Part 1: DTMF detection and decoding.

1. Generate input signals: As the TouchToneDialler function has been provided, we can simply generate the DTMF signaling by calling this function.

Comments: Each tone generated by the TouchToneDialler function consists of two frequencies: the low frequency and the high frequency. The practical relationship between the keys and the frequency pairs are shown below:

1209 Hz

1336 Hz

1477 Hz

697 Hz

1

2

3

770 Hz

4

5

6

852 Hz

7

8

9

941 Hz

*

0

#

Table 1 The frequency components of each touch tone

And also, from the description of this function we can see that the original input has been affected by the colored noise which may confuse the signal detection with some unexpected high-level noise. Another essential point, mentioned by the function description, is that there is jitter in the timing, i.e. , the duration of each DTMF signal and the gap between each key press are both random values around the theoretical values 100ms and 150ms, respectively. As a result, we are taking a risk while using the assuming values to calculate the number of the input keys.

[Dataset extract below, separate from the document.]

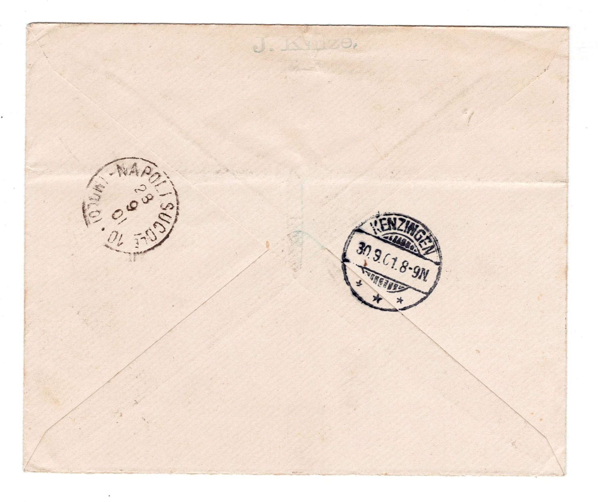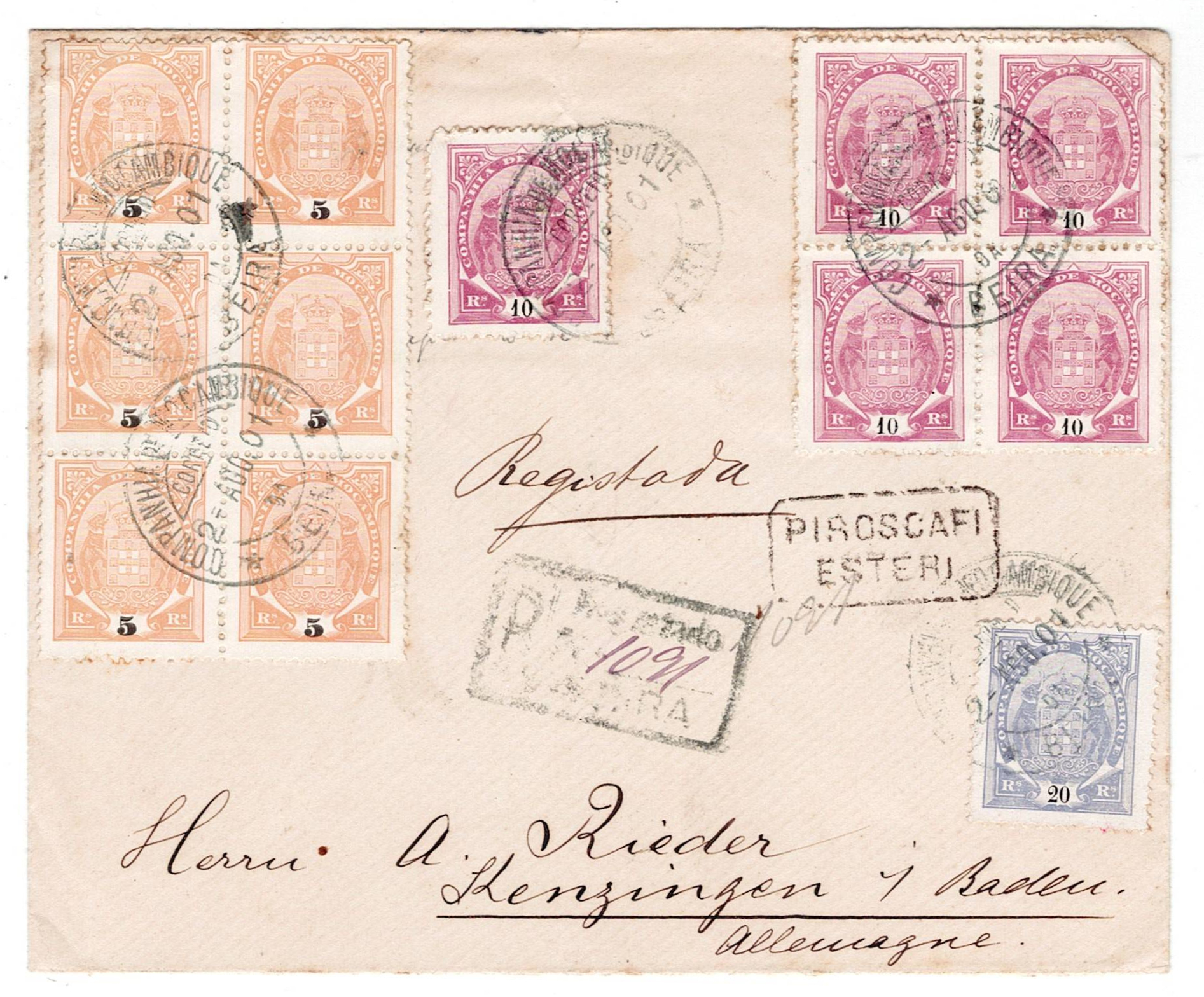800 imageCª de Moçambique. Letter registered in Beira on 2 August 1901, to Germany, postage of 100 reis (Elephant stamps; block of 6 of 5 reis, block of 4 of 10 reis, one stamp of 10 and one of 20 reis), by packet to Naples 28 September, marked PIROSCAFI ESTERI, and from there forwarded to Kensingen, where it arrived on 30 October 1901. Very beautiful letter, rare postage.(Image 1) (Image 2)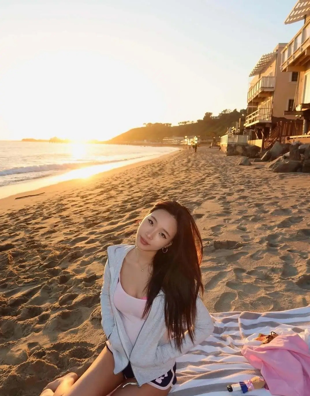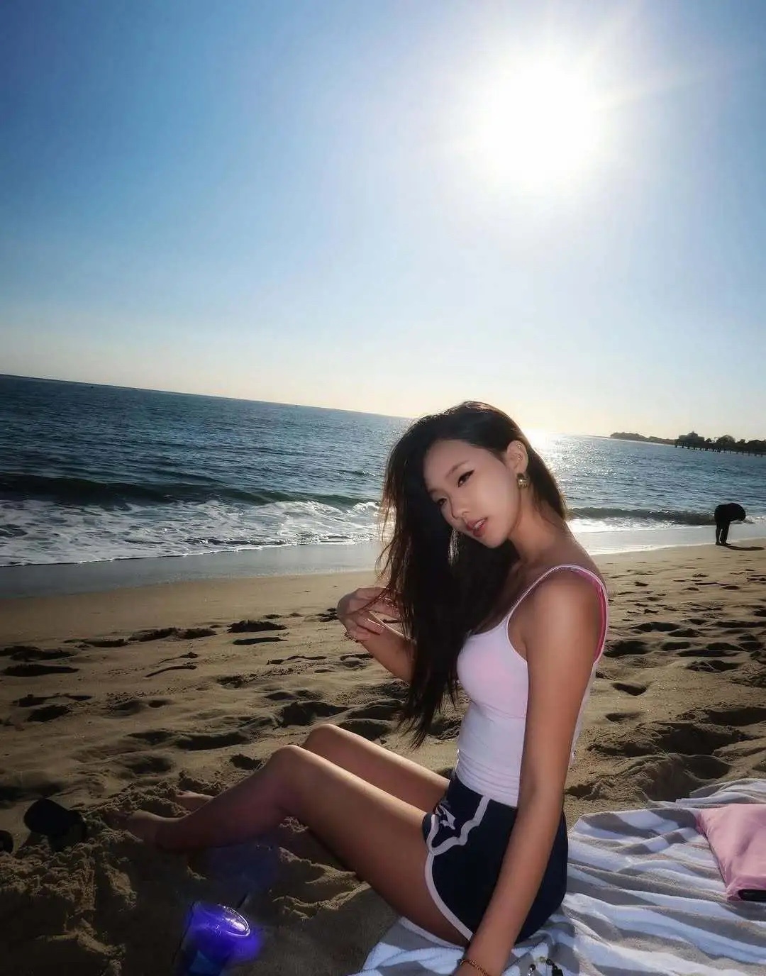 小S20岁大女儿在美国海边看日落,她穿着吊带衫和短裤在沙滩上享受着日光浴,全身皮肤呈现小麦色,身材凹凸有致,看起来好阳光性感,实在太美了!

Fig 1 The ideal signaling '1' and its magnitude in frequency domain

2. DTMF detection: In order to detect the DTMF signaling, firstly, we need to transfer the input signal from the time domain into the frequency domain. In an ideal situation, the Fourier Transform of sinusoid is two ideal impulses which are symmetric about the origin. Since there is redundancy in the frequency domain, we only need to use the positive part of the frequency axis. And also, as the impulse is negative on the positive frequencies, we can use abs function to get the absolute value of the magnitude of the sinusoid in the frequency domain. For example, if we transform the DTMF signaling '1' into the frequency domain using the method above, we can intuitively see how it works in an ideal situation without noise. (See Fig 1)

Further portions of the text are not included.